Sadam Husein los perseguía. El dictador que, después de invadir Kuwait, acababa de perder la guerra contra Estados Unidos, les pisaba los talones. «Si volvemos tendremos una muerte rápida -me dijo uno de los refugiados- pero si nos quedamos aquí tendremos una muerte lenta».

Alentados por Estados Unidos, los kurdos, igual que los chiíes, se habían levantado contra los restos del ejército iraquí. En cuatro días se hicieron con el control de cuatro ciudades -Erbil, Dahuk, Kirkuk y Suleimaniya- y en cuatro días más volvieron a perderlas. Sus fusiles y granadas nada pudieron hacer contra los helicópteros, los carros de combate y la artillería que Sadam había preservado. Los refuerzos estadounidenses no llegaron. El presidente George Bush no quería inmiscuirse en los «asuntos internos» iraquíes. Había utilizado todo tipo de argumentos morales para declarar la guerra a Iraq y «construir un nuevo orden mundial» que mantuviera la estabilidad en el golfo Pérsico y el flujo regular de petróleo, pero ahora, una vez declarada oficialmente la paz, prefería que Sadam siguiera en Bagdad mientras pudiera defenderse de su propia población de kurdos y chiíes. Un cambio de régimen tenía pocas opciones de éxito y la opinión pública estadounidense no iba a apoyar un conflicto largo.

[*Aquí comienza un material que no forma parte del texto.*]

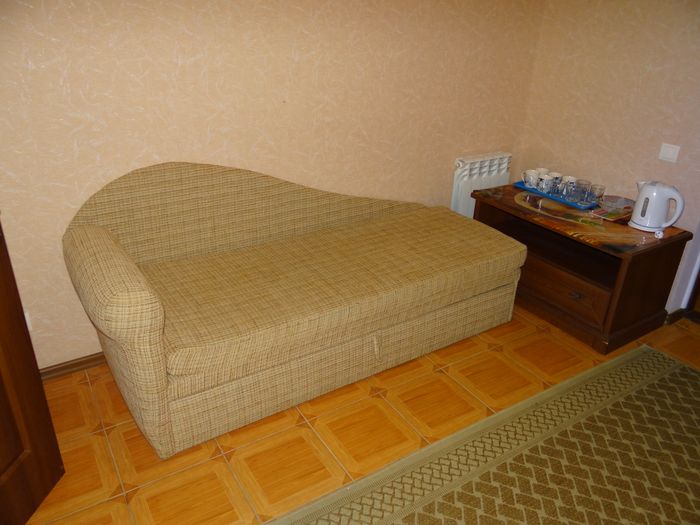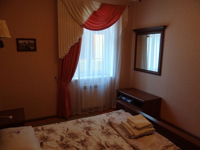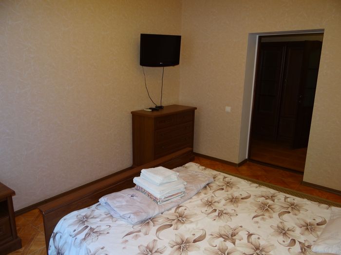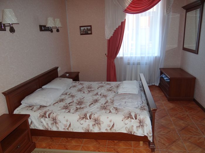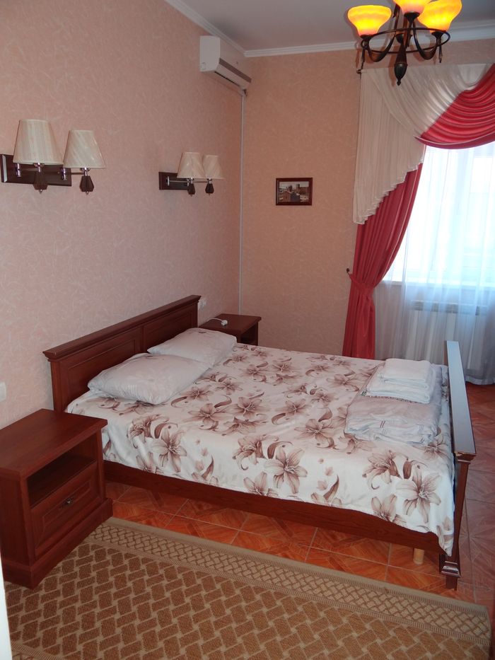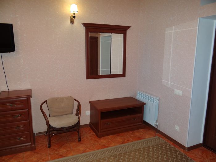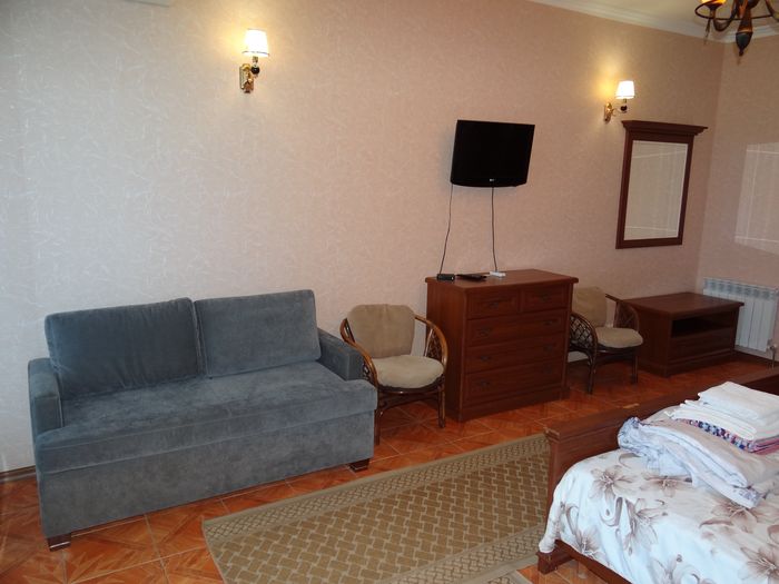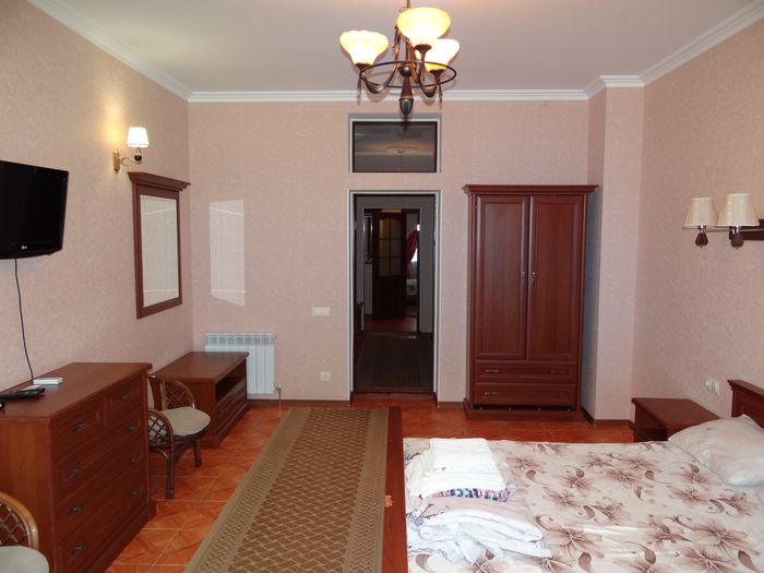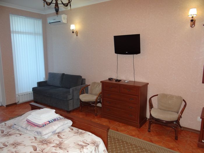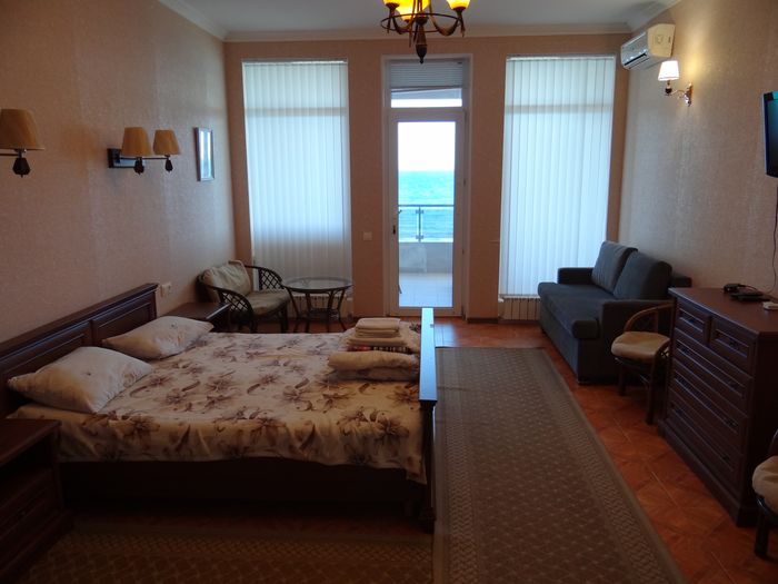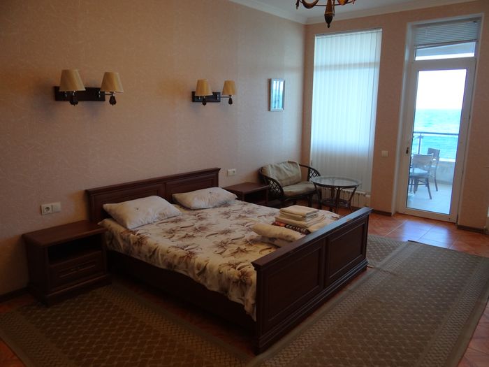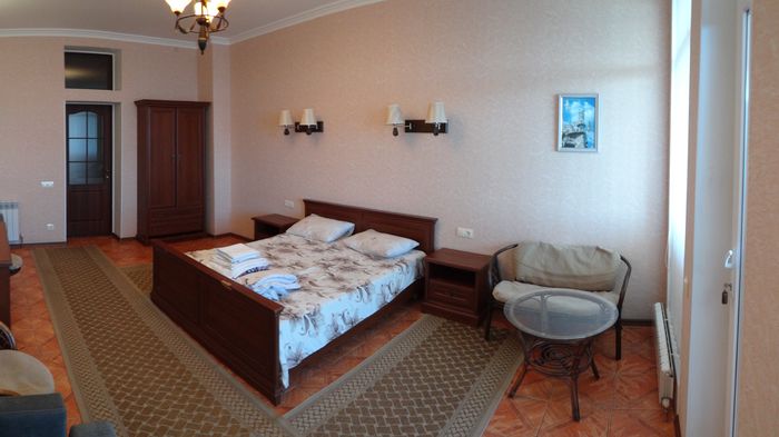 Двухкомнатный номер с балконом-террасой  Номер с видом на феодосийский залив, с балконом-террасой  и выходом на пляж Вместимость:  до 4-ех человек.    В каждой комнате номера:  - двухспальная кровать,  - телевизор, -  кондиционер.   - Раскладной диван.  -  Платяной шкаф, столик  с 2-мя креслами,  - дополнительная диван-кровать для ребенка,  - холодильник.   Санузел  оборудован  душевой кабинкой.
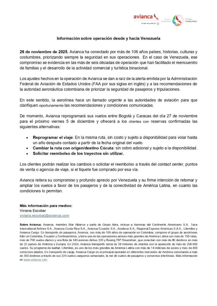 La suspensión temporal de vuelos desde y hacia Venezuela responde a un criterio de seguridad aérea internacional. Mientras las autoridades trabajan en aclarar y mitigar los riesgos señalados, las aerolíneas han activado políticas de protección al pasajero para minimizar el impacto en sus planes de viaje.

El clima no era bueno en aquella montaña. Aún hacía mucho frío por la noche. Apenas había agua. Era necesario andar cuatro horas para traer la nieve de las cumbres. Los árboles desaparecían tan rápido como las cabras que algunas familias habían subido hasta allí. El suelo, el barro compactado, no filtraba las vísceras ni las diarreas. La poca ayuda llegaba en paracaídas y se perdía casi toda bajo el peso de la avalancha humana. Los soldados turcos pegaban a la multitud con varas y disparaban al aire cuando los golpes no lograban dispersarla.

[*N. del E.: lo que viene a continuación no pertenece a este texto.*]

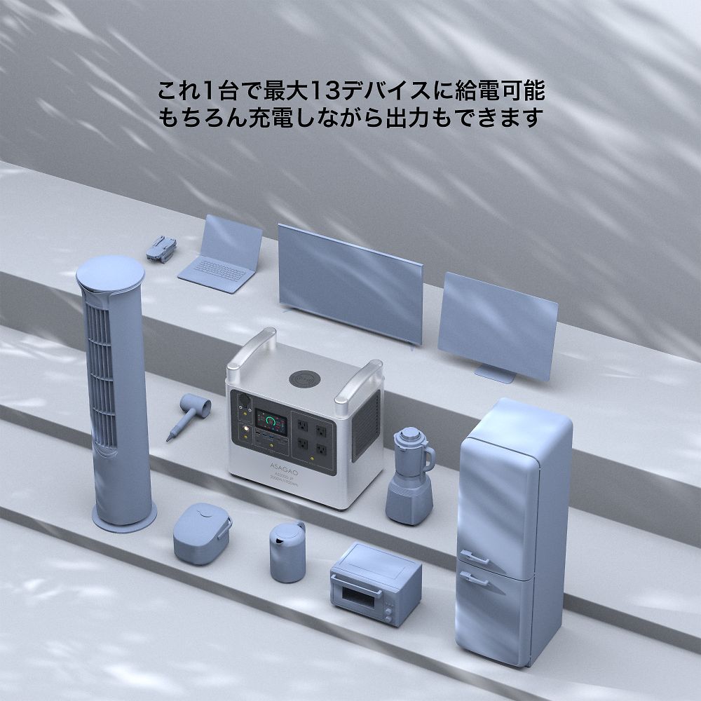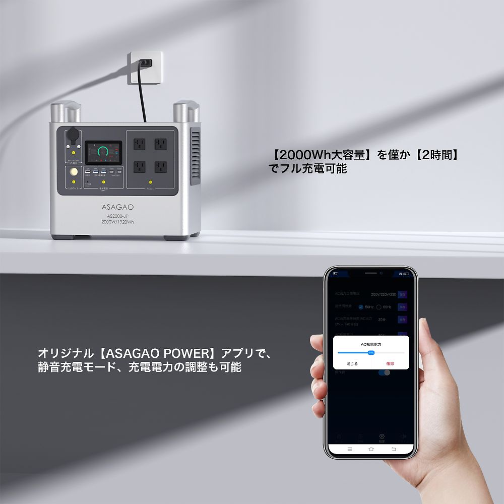 ●高い安全性:リン酸鉄リチウムイオン電池を搭載●長寿命:3000回繰り返し充電後、残量70%以上維持(1放電サイクルは、0→100%まで充電すること)●日常から非常時まで幅広く使用可能です。●常時接続OK:ACコンセントに常時接続しても問題なく●長期保管対応:フル充電の状態で約5年間保管可能で、メンテナンスの手間がかかりません●カテゴリ最長クラスの本体5年の長期保証(3年+会員登録で2年追加)●2000Whの大容量で約20Kgを実現●背面ラベルにクイック操作ガイドを印刷●本体印字は全て日本語表記●持ちやすい大型ハンドル●0~100% 2時間以内の超高速充電●充電速度を専用アプリから任意に設定可能、急いでない場合はゆっくり充電することでバッテリーへの保護を最大限に●入力しながら出力可能●ワイヤレス充電機能が搭載、最大13デバイスに同時出力可能●独自の「αBOOST機能」で最大2,800W出力を実現●パススルーと電源自動切替機能(UPS)搭載停電時業界最速10ms以内実測定値5.4msで商用電源からAS2000-JP出力に切り替える。●デスクトップ・ルーター・複合機などの精密機器へのバックアップ電源として適任。●電源復帰時、ASAGAOオリジナルの位相追従システムを搭載することによって、AS2000-JPの電圧位相を商用電源に合わせてから切り替え、位相のズレがなく、ノイズが少なく、高品質な純正弦波を提供することを実現させる。●全高調波歪(THD)が僅か1.2%とクリーンな電源を提供、音響・精密機器などに利用可能●冷蔵庫などのような休眠モードに入る電化製品と低消耗電力の電化製品にも継続的に給電可能●AC出力電圧を専用アプリから100V・110V・120Vに設定可能、一部輸入電化製品にも負担をかけず稼働可能●世界基準の安全性能を実現し、さらに世界で最も厳しいと言われているジャパンクオリティを基準に●防災認定協会から災害時に安全で有用な製品として認定されています●サイズ(幅 ×奥行き×高さ):本体サイズ/355×227×347mm●重量:本体重量/20.5kg●本体素材:アルミ合金(頑丈で、カラーコーティングにより腐食や傷・ショートからも保護されています。)●セルタイプ:リン酸鉄リチウム●電池パック定格容量・電圧:1920Wh(48V)●電池充電サイクル寿命:2000回80% 3500回70%●AC入力:100V ( 50Hz / 60Hz ) 最大1300W、充電電力をASAGAO専用アプリから1300Wの1%単位で設定可能、パススルー・自動切替(10ms以内)●MPPT(ソーラー)入力:10~50V / 最大11A、最大500W●シガーソケット入力:12V / 8A 24V /10A●商用コンセント充電時間:充電残量0から100%充電まで→2時間●ソーラーチャージャー充電時間:充電残量0から100%充電まで→最短約6時間(純正200Wソーラーパネルを2枚接続時・最大200W/理論値)●AC出力(4口):100V~120V ×4ポート, 50Hz / 60Hz(手動切替)定格2,000W(サージ5,000W)αBOOSTモード:2800W MAx 過負荷・短絡保護機能搭載●AC出力電圧設定:アプリから100V/110V/120Vに設定可能●全高調波歪(THD):1.2%●AC出力5W以下での維持時間設定(ASAGAO冷蔵庫モード):アプリから30分、1時間、2時間、4時間、常時ONなどに設定可能●パススルー&自動切替機能(UPS):10ms以内(実測定値5.4ms)●アプリ制御:ASAGAO POWERオリジナルアプリ WIFI&Bluetooth両方対応●USB出力(5口):USB-Aポート ×1(12W)、USB-A急速ポート×2(QC3.0、18W)、USB-C急速ポート×2(5~20V/20A、100W)●ACC出力(1口):ACC(車載アクセサリ)ソケット ×1(13.2V/10A 132W Max)●DC出力(2口):DC 5525(センタープラス)ポート ×2(13.2V/10A 132W Max)●ワイヤレス充電(1口):15W×1●使用環境温度:-10~45°C※結露なき事●充電温度範囲:0~40°C※結露なき事●保管温度範囲:0~40°C※結露なき事●環境湿度:≦85%RH●長期保存時推奨充電率:50%~70%(高温多湿を避けて保管)●待機電流:<500μA
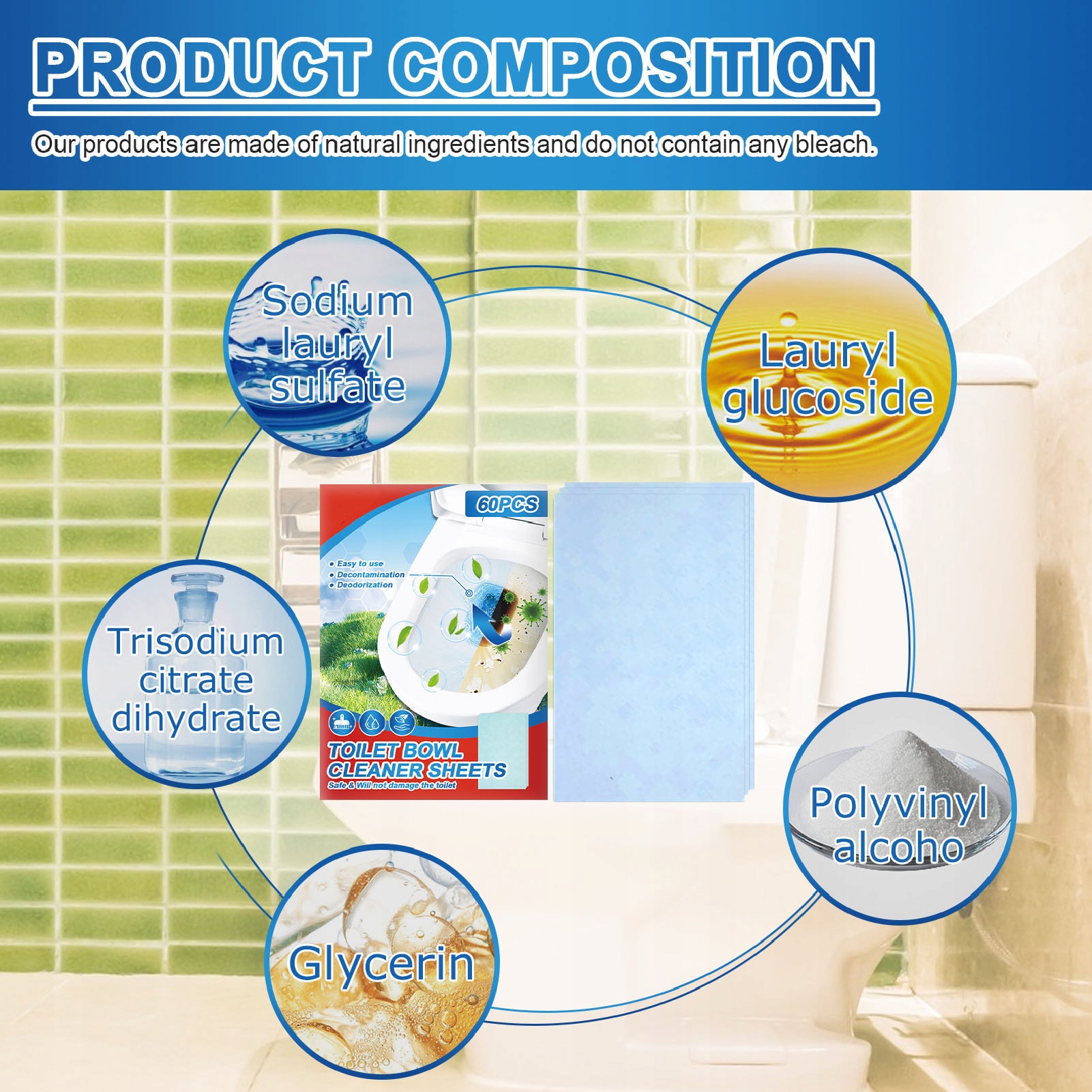 3. Універсальне використання: Листи для чищення туалету підходять для туалетів, азіенеку та зад. Кожен пакет містить 180 шматочків таблеток для чищення туалету, забезпечуючи очищення та обслуговування туалету.

La ONU calculó que un millar de personas moría cada día en los asentamientos de Irán y Turquía. Las tumbas se cavaban junto a las tiendas de campaña. La mayoría eran pequeñas, de niños víctimas de la disentería, el frío y el hambre. Los primeros días subí allí arriba con aspirinas, botas, bufandas, lo que podía encontrarse en el mercado de Cizre, la población a 100 kilómetros de distancia convertida en base de la prensa internacional. Entonces no había internet. Un hotel con teléfono para dictar la crónica era esencial y el Turistik de Cizre estaba a reventar. Las grandes crisis siempre dan pie a grandes negocios. Llevar ayuda a Isikveren también lo era. Lo que regalabas se revendía. Lo que caía del cielo, también. Los soldados turcos se quedaban con todo lo que podían y un día vi cómo mataban a un joven kurdo que había ido a por una tienda de campaña. La bala le abrió la garganta.

Me acostumbré a las tumbas, a las historias de abusos y agonías, al te con galletas en la tienda de una familia que hablaba inglés.

Una mañana vimos a James Baker, el secretario norteamericano de Estado, sobrevolar el campo en helicóptero. La BBC anunciaba por la onda corta que los americanos iban a repartir la ayuda y que los turcos se retirarían al valle, allí donde no habían permitido llegar a los kurdos. «No son nuestro problema, es el suyo, llévenselos a su país», le había dicho un capitán turco al voluntario de Médicos sin Fronteras que intentaba levantar un dispensario.

EE.UU. impuso una no fly zone (zona de exclusión aérea ) en el norte de Iraq. Sadam no podría utilizar aeronaves contra la población civil. La CIA se instaló en Erbil. La gente, a lo largo del verano, se arriesgó a regresar aunque la paz estaba por hacer. Ahora, 25 años después de aquel éxodo y diez después de la muerte de Sadam en la horca, la paz sigue siendo un pez escurridizo. Iraq apenas existe y Siria tampoco. Desde entonces han muerto 750.000 personas más en estos dos países, y en Turquía no hay 1,2 millones de refugiados sino 2,7 de un total de seis repartidos por la región.

Las guerras seguimos sin saber cómo terminan.